Trajik olanın kapsamını Antik Yunan tecrübesinde arayan biri onda kader, talih, arınma, evrensel düzen ve onun ihlali, gereklilik, soylu oluş vs. gibi unsurlar görmek ister. Eagleton’ın aktarımına göre İbn-i Rüşd bu sözcüğü; övgü ile eş anlamlı ya da acı çekme erdemini övme anlamında düşünmüştür. Orta Çağ Hristiyan dünyasında İncil’i ciddi kitap anlamına gelecek şekilde trajedi olarak nitelendiren yazarlar olmuştur.

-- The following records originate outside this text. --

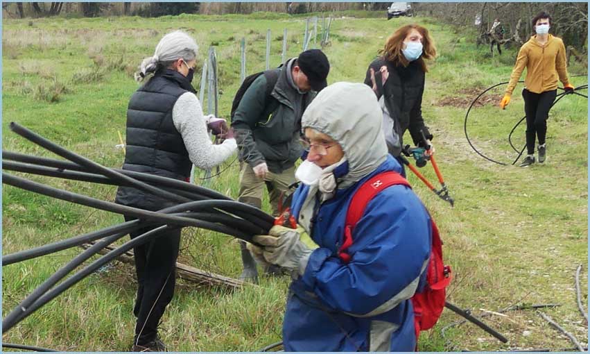 ![]() Quant aux pommiers abandonnés de Lamiat, les voici débarrassés de leur goutte-à-goutte inutile. A la fois généreux et dérisoire, ce chantier agreste atteint des sommets de sympathie envers Dame Nature ! |
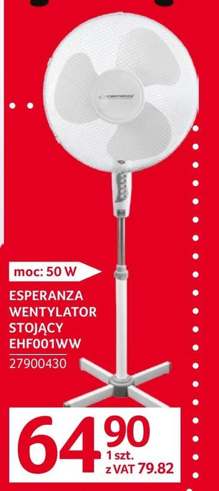 WENTYLATOR STOJĄCY EHF001WW. Moc 50 W.
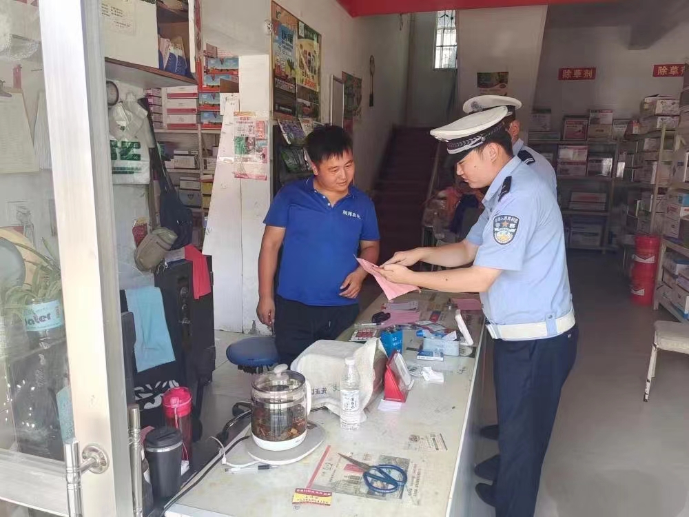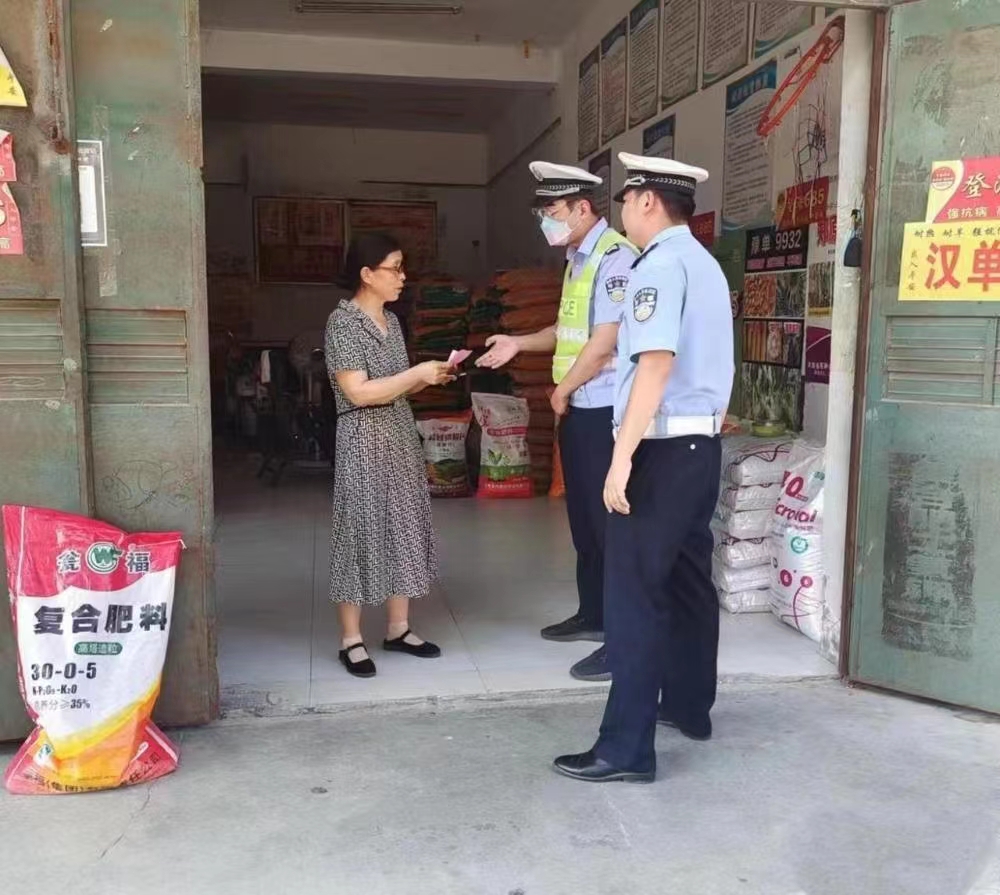 商丘交警二大隊(duì)古宋中隊(duì)走進(jìn)農(nóng)資市場(chǎng)開(kāi)展“一盔一帶”交通安全宣傳活動(dòng)

Trajiğin anlamı belirli zaman dilimlerine göre farklılaştığı gibi günümüzde her bir düşünürün elinde öznelleşmektedir. Teknik anlamın dışında, gündelik dilde ise insanın türsel varoluşundan ve bu varoluşun bütün toplumsal sonuçlarından kaynaklanan acıları niteleyen bir sıfat olarak kullanılmaktadır. Gündelik dildeki kullanımda diğer bütün tanımlamaları içine alan bir genişlik var.

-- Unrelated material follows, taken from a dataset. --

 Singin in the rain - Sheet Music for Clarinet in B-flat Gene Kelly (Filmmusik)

Bu genişlik, kullanım yelpazesi içinde her zaman estetik ve ahlaki bir yoğunluğu içeriyor. Ahlaki yoğunluk, trajik ifadesinin bize bir konumlanış vermesindendir. Trajik olan karşısında içten içe bir hürmet gelişir. Sıradan bir üçüncü sayfa haberinde dahi bunu duyumsarız: “Çevreyolunda trajik bir kaza gerçekleşti.” Kaza ve trajedi arasında doğrudan bir ilgi vardır zaten. Oidipus’un başına gelen de bir kazadır esasında. Yazgının elinden çıkan bir kaza. Musibet hakeza isabet eden demektir. Trajik sıfatıyla bizim irademizin etki alanından çıkan bir gerçeklik vardır. Her şeyin dönüşsüz şekilde gerçekleştiği sessizlik anı. Kendimizi kozmik olanın kolayca vuku bulan acımasızlığına bırakırız, bırakmak zorunda kalırız. Sakat doğan bir çocuk düşünelim. Acı büyüktür elbette fakat bunun tabiat için zahmetli olduğunu kim söyleyebilir. Ya da kader zaviyesinden, Tanrı’nın bakış açısından. Trajedi kolay gerçekleşir. Bu zahmetsiz akışın karşısında seyirciyizdir.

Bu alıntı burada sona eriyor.